Benson feels the key to successfully building a life science sector would be a single point of contact to connect people with resources. Those resources would include academic and political connections, both traditional and private lenders, community resources such as chamber executives, key medical school administrators, and connections with local CEOs to help with collaboration.

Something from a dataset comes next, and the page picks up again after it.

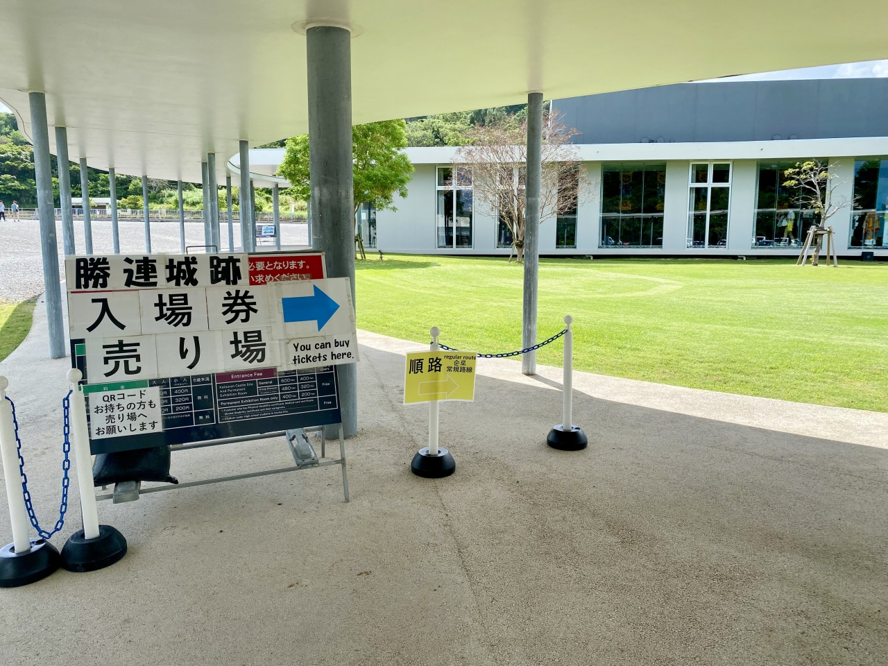 勝連城入場料とあまわりパーク込みで大人600円です。最初にパーク建物の受付でチケットを購入。城跡が先でも、展示物の見学が先でもかまいません。城跡に行く場合は道路に出てしばらく歩き横断して行きます。
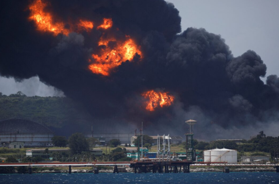 Khói đen cuồn cuộn bốc lên từ vụ cháy bồn chứa dầu gần cảng ở Matanzas, Cuba, ngày 6-8-2022 - Ảnh: REUTERS

We’ve not done a great job of establishing an industry organization committed to life sciences,” said Leander. “Houston has done a better job (because they have dedicated staff), and in Austin we’ve had initiatives with the Austin Technology Incubator and with the Greater Austin Chamber of Commerce. But ultimately, we have yet to find the formula to allow for a dynamic, dedicated and sustainable industry organization that is indispensable to the local biotech community”
Collaboration is Key
Timothy Sullivan, President and CEO of Mystic Pharmaceuticals, calls for more collaboration among academia, established companies and start-ups. “There is a unique opportunity to collaborate to go after federal research grants and contracts that address critical healthcare needs and provide non-dilutive funding. The federal government is certainly looking for biomedical solutions addressing a broad range of public health, public safety and medical countermeasures for bio-terror and pandemic threats . Mystic has been developing several of these collaborations over the last few years. We’re now at a point where we see some bigger opportunities. When you are selected for these programs, it fuels growth within the Texas life science sector, brings validation for the technologies, and can set the stage for longer term commercialization opportunities beyond what’s been developed for the government.”
Baker concluded that Texas is well positioned to fuel a successful life sciences sector. “Houston has world-class research institutions and Austin has a strong entrepreneurial network. As a state we probably have critical mass, but the challenge is to get everyone working together to bring the much needed resources (capital and talent) into the state that will allow us to go to the next level.”